В октябре начался наш отход. Мы не сразу пошли на юг, некоторое время продолжали лавировать по селам и сахарным заводам, все больше удаляясь от Десны. Начальство уверяло, что мы заманиваем неприятеля в мышеловку. Мы не особенно этому верили, но мало интересовались направлением, куда нас двигают. Диди настроился на Лондон. У Андрея, который даже солдатам теперь не стеснялся говорить, что главным врагом он считает не Красную Армию, а нейтральных обывателей, был другой план. Он мечтал засесть в Крыму, превратить Крым в крепость, где оставить только военное население; всех стариков, женщин и детей нужно ликвидировать (хотя бы выслать в Болгарию, милостиво соглашался он), а мы будем совершать военные набеги на Украину и возвращаться в нашу цитадель, как в старину делали ханы. Наша военная республика явится ячейкой, прототипом для государства будущего. Наш лозунг будет «организация и дисциплина». Достигнув сорока или пятидесяти лет, все, или во всяком случае начальники, обязаны будут постригаться в монахи. Мне этот план понравился — климат и горы Крыма прельщали меня больше, чем то, что нас тогда окружало.

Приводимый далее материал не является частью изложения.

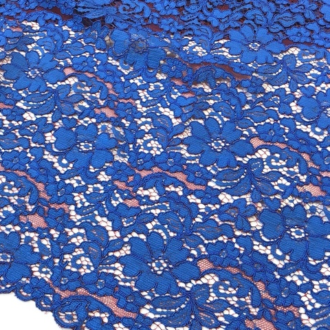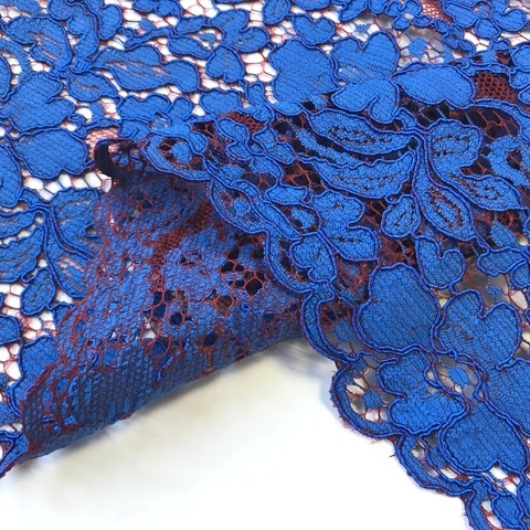 Ткань кружево кордовое. Фестон с одной стороны. Цвет ярко-синий, фон коричневый. Для пошива платья, костюма, юбки, жакета, кардигана. Италия. Состав 46% вискоза, 39% хлопок, 15% нейлон. Ширина 140 см. Допускается небольшое отклонение цветопередачи. Дополнительные фото и видео по запросу.
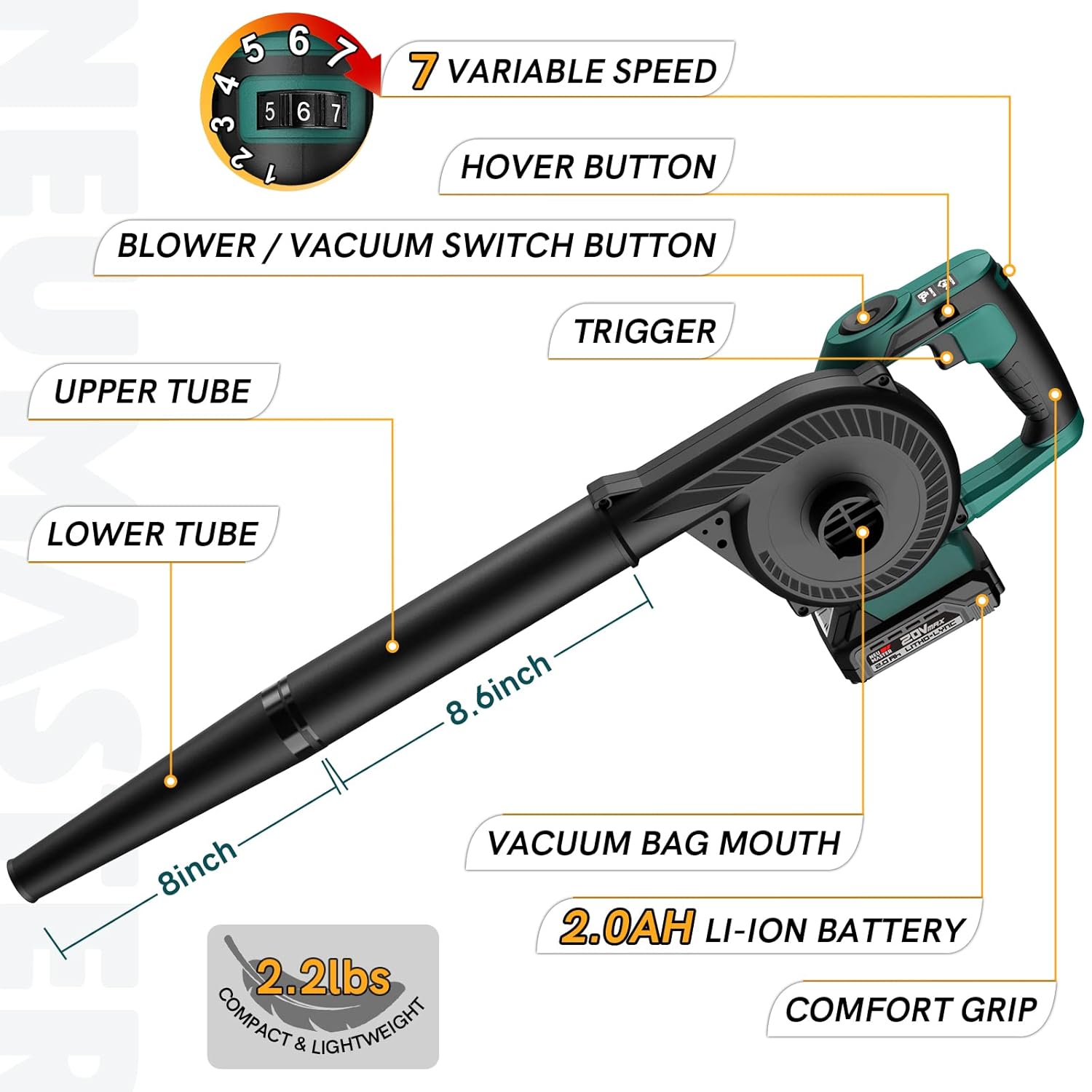 NEU MASTER 20V Leaf Blower Cordless, Mini Electric Leaf Blower Battery Powered, 7 Speed Handheld Leaf Blower and Vacuum with 2.0 Battery & Charger for Lawn Care, Patio, Yard, Jobsite

Дни теперь стояли ненастные, холодные, короткие… Под низкими тучами, обвеянные всеми ветрами, в полумраке из дождя, тумана и раннего вечера, похожие на французов, бегущих из Москвы, мы вступаем на мощеную улицу уездного города. Нам отводится помещение у местных нотаблей: плюшевые кресла, зеленые портьеры. Хотя мы отступаем, а завтра сюда придут большевики, хозяева имеют гражданское мужество подчеркнуть нам свою симпатию. Сперва мы все очень нравимся хозяевам, особенно Андрей. Как всегда выходит у него с людьми, с которыми он только что познакомился, он сразу всех очаровывает. Первое впечатление от него самое лучшее: какой красивый, милый, симпатичный молодой человек, с открытым лицом и обращением, немного может быть чересчур застенчивый, немного не русского склада, но какой внимательный и предупредительный. Вот бы Маше такого жениха. Но мы с Диди заранее знаем, что очень скоро их постигнет горькое разочарование.